Records from a dataset
* * * * *
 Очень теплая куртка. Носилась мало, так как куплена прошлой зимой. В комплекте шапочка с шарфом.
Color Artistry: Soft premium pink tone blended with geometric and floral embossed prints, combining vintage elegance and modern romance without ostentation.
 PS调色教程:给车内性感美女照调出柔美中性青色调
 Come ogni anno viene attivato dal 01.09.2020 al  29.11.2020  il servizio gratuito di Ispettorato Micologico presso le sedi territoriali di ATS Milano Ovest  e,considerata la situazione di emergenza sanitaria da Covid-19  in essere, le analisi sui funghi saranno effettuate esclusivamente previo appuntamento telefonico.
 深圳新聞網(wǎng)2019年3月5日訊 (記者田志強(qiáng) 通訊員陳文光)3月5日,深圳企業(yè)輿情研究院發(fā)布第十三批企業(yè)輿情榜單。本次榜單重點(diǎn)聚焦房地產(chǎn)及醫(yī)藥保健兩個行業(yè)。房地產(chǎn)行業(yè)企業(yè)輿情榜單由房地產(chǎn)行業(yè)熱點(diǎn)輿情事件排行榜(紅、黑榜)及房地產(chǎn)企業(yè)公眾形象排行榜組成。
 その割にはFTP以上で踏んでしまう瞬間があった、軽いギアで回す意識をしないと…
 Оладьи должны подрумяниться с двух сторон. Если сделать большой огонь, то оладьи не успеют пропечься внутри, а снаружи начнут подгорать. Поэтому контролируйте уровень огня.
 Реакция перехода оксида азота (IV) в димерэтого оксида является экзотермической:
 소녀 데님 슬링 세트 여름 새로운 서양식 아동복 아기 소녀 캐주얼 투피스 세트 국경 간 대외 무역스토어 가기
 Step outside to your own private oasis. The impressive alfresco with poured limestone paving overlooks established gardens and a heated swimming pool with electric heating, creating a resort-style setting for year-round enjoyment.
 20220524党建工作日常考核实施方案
* * * * *
*EXERCISE BRIEF*. Your output should consist only of the lines from the one containing "その割にはFTP以上で踏んでしまう瞬間があった、軽いギアで回す意識をしないと…" to the end of the records above, each retyped exactly.

*RESULT OF THE TASK*.
 その割にはFTP以上で踏んでしまう瞬間があった、軽いギアで回す意識をしないと…
 Оладьи должны подрумяниться с двух сторон. Если сделать большой огонь, то оладьи не успеют пропечься внутри, а снаружи начнут подгорать. Поэтому контролируйте уровень огня.
 Реакция перехода оксида азота (IV) в димерэтого оксида является экзотермической:
 소녀 데님 슬링 세트 여름 새로운 서양식 아동복 아기 소녀 캐주얼 투피스 세트 국경 간 대외 무역스토어 가기
 Step outside to your own private oasis. The impressive alfresco with poured limestone paving overlooks established gardens and a heated swimming pool with electric heating, creating a resort-style setting for year-round enjoyment.
 20220524党建工作日常考核实施方案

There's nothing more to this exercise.